Liverpool: FSG agree to sell minority stake in club worth £82-164m to Dynasty Equity Liverpool: FSG agree to sell minority stake in club worth £82-164m to Dynasty Equity - BBC Sport FSG sells minority stake in Liverpool Fenway Sports Group has sold a minority stake in Liverpool up to £173m (€200m) to global sports investment firm Dynasty Equity. The money raised will be used to pay down debt and help finance capital expenditure. It will not be used to fund future transfers. Liverpool’s latest accounts to June 2022 showed a net debt of £71 million. The owners' long-term commitment "remains as strong as ever" and Dynasty's involvement has been described by sources as "passive" and will not affect the operation of the club in any way nor will it provide funds for a transfer 'war chest'. FSG believes it is important Liverpool remain financially resilient for their long-term ambitions for success on the pitch and the investment is in no way a precursor to a sale. "Our long-term commitment to Liverpool remains as strong as ever," said FSG president Mike Gordon. "We have always said that if there is an investment partner that is right for Liverpool then we would pursue the opportunity to help ensure the club's long-term financial resiliency and future growth. "We look forward to building upon the long-standing relationship with Dynasty to further strengthen the club's financial position and sustain our ambitions for continued success on and off the pitch." The money will pay off bank debt incurred for the Covid pandemic as well as enhancements to Anfield Stadium, building the AXA Training Centre, repurchasing Melwood training ground for the women's team and acquisitions during this summer's transfer window. https://www.skysports.com/football/live-blog/11095/12507208/football-news-and-latest-updates-column
Not the OP, but I imagine it's largely irrelevant.
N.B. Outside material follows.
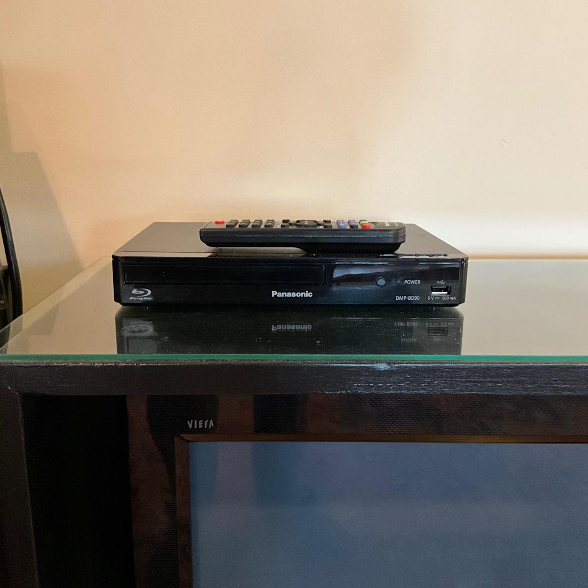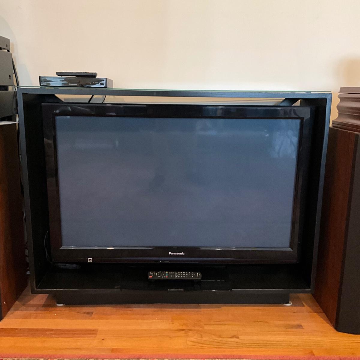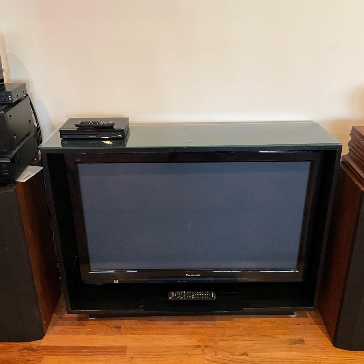 L1207 Vintage Panasonic TV with Black Stand and Blu-Ray Player
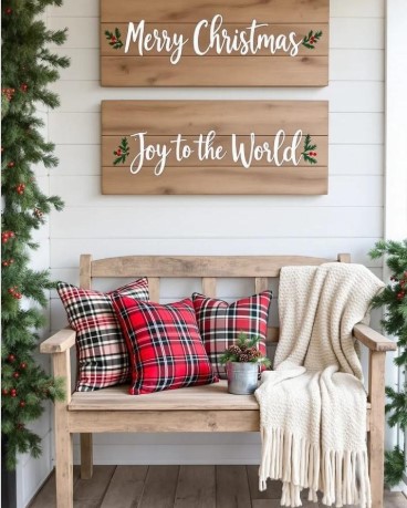 Brush on a base of distressed white or deep red paint, letting some natural wood peek through for an authentically weathered feel. Use a stencil or your own steady hand to add festive words like “Merry & Bright” or “Joy to the World” in classic fonts, it’s fun to add a sprinkle of snowflake designs in the corners for that wintry touch.

FSG still have the controlling share, so won't change anything about how the club is run. Supposedly the buy-in money goes towards paying debts but I highly doubt it will change much regarding our day to day operations. Just different rich people holding a different share of our club
I don't understand much regarding finances so I'm unsure if there are other implications with the buy in. Could it be the start of FSG slowly relinquishing their shareholding?